What a strange find on Amazon Prime. A 1970s black comedy with John Huston playing the Joseph Kennedy character and Jeff Bridges playing Bobby, if Bobby was sweet tempered and had no political ambitions after the death of his brother. Of course, this is not the Kennedys, but the Kegans, and little brother Bridges is swept up into a re-investigation of his half brother’s assassination after a lone gunman has been fingered by the equivalent of the Warren Commission. In essence, Bridges goes on a dangerous wild goose chase (egged on by his father, who hopes this will propel the son into heroism and political fortune) to find the real powers behind the killing, after a second shooter confesses.

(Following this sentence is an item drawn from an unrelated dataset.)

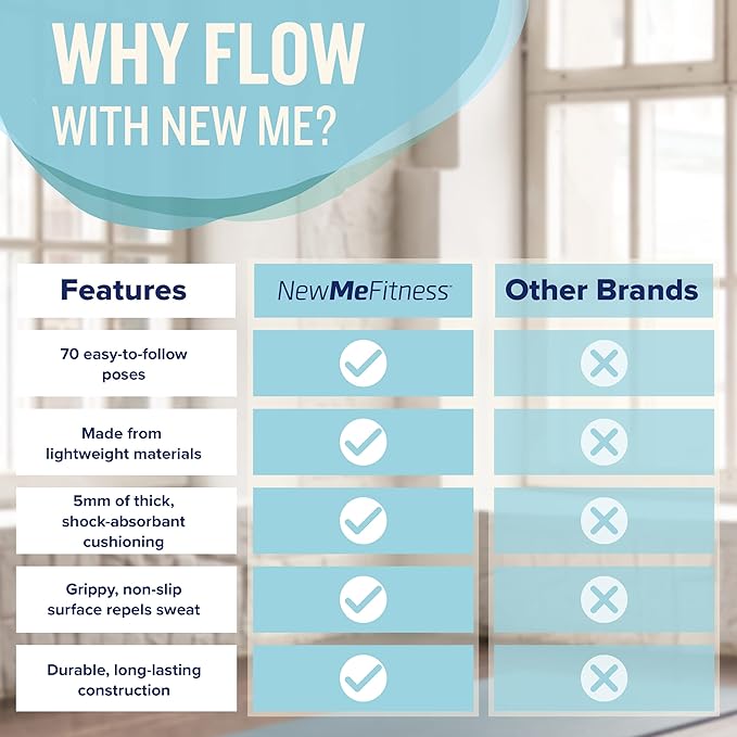 NewMe Fitness Yoga Mat for Women and Men - Large, 5mm Thick, 68 Inch Long, Non Slip Exercise Mats w/ 70 Printed Yoga Poses for Pilates, Workout and Stretching - Home and Gym Essentials
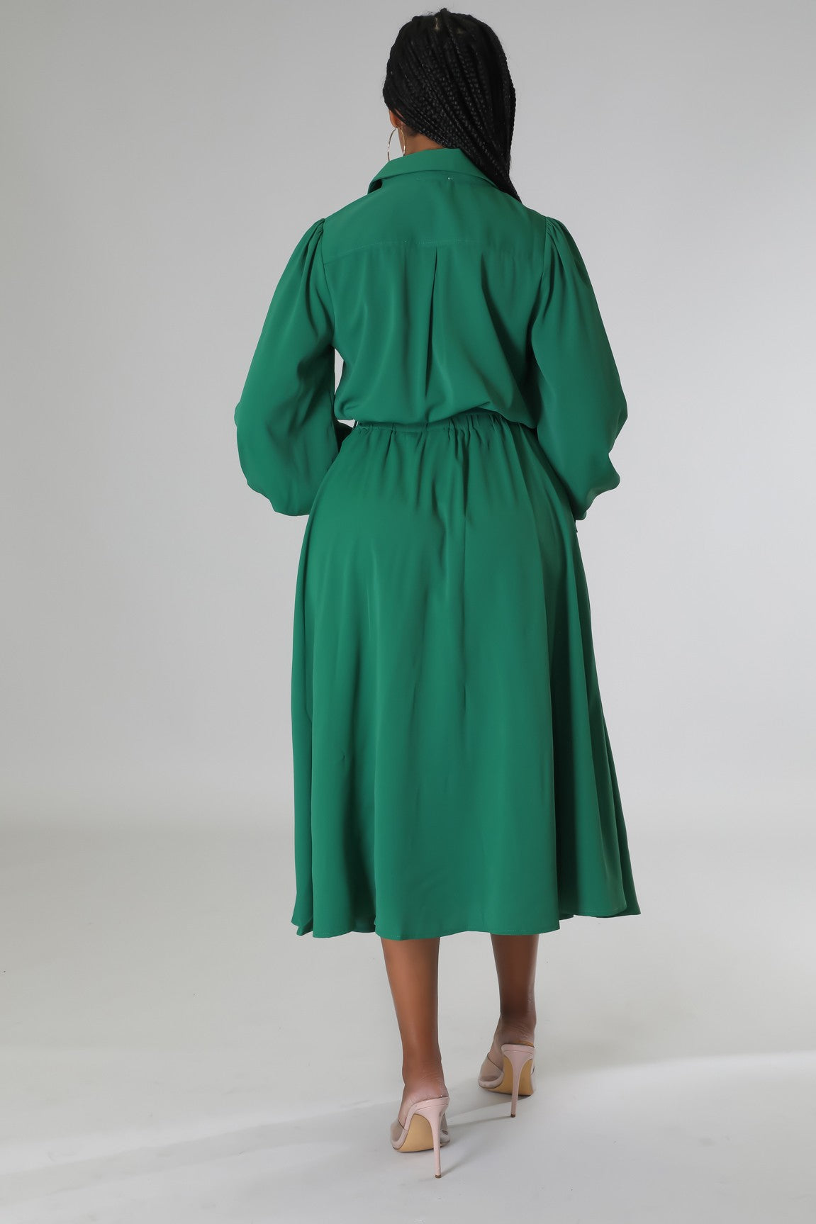 The Emerald Grace Long sleeve Dress is designed for the woman who carries elegance effortlessly. The structured collar and button-down front give classic sophistication, while the flowing midi skirt brings movement and feminine charm.

The film is absurdist, and doesn’t really work as either a comedy or a thriller. But uneven as it is, you have to be somewhat in awe of its ambition. The rumor is that the Kennedy family was none too pleased with the feature back when it had the power to squelch it, but the film is so uneven, it likely didn’t need any opposition from the dynasty. Bridges is winning, and Huston is a gas as the corrupt, sybarite of a patriarch, and the whole thing is best when it is trippy. Worth the time.
We have started a new tradition at home when all four of us are present. One of us gets to pick the movie and the other three have no veto power. I was first up and showed this gem, primarily to discomfort my wife and daughter, but also because Sean Connery had just passed and the movie always had a soft spot in my heart. In the first minutes, Connery did not disappoint: he pulled off a woman’s bikini top and strangled her with it until she gave up information on how to find his nemesis Blofeld. He also popped another woman in the mouth. Not to get too far off track, but while I can see that James Bond is certainly no paragon of modernity, the fact that he smacks women around for information always struck me as one of his more proto-feminist qualities. He does not discriminate. Blofeld first. Chivalry second.
I loved this movie when I was a kid because when my brother and I went to Puerto Rico, and we started to fight with each other, my abuela took him for the day, and my abeulo took me. I am certain that I got the better of the deal, because I had lunch at a restaurant in San Juan where my hamburger was brought to me on an electric train. Then we went to see a double feature: this second run flick was the opener to the first run feature about a killer octopus, Tenacles. We drank up Bond and left during the fish movie.
My love for the film grew a little more because I married a doppelgänger to Jill St. John. Of course, one would never marry a woman based on the firm imprint of a beautiful Bond girl during adolescence. But it doesn’t hurt.
To the film. It’s pretty awful. You can see that this entry of the series was the one most heavily relied upon by Mike Myers in his Austin Powers send ups. Bond is dead-to-rights on four separate occasions, and on each, rather than shoot him dead, the villains consign him to some elaborate end which he foils.
Worse, contrary to almost every other Bond film, the picture is ugly. The closest we get to an exotic locale is Amsterdam, where we see a dead body pulled out of one of the canals. Other than that, it’s gruesome 1970 Las Vegas, a desert, some kind of hidden missile base, and a finale on a grubby oil rig. The interior decoration seems to be Playboy-meets-The Poconos. When your most picturesque locale in a Bond film is the 1979 Circus Circus casino, oof.
The movie also makes absolutely no sense and attempts to rely on the comic to the exclusion of any intelligible plot. Sometimes, it borders on an episode of The Monkees. Almost every other movie in the early series entries are better. A dog, but near and dear to my heart.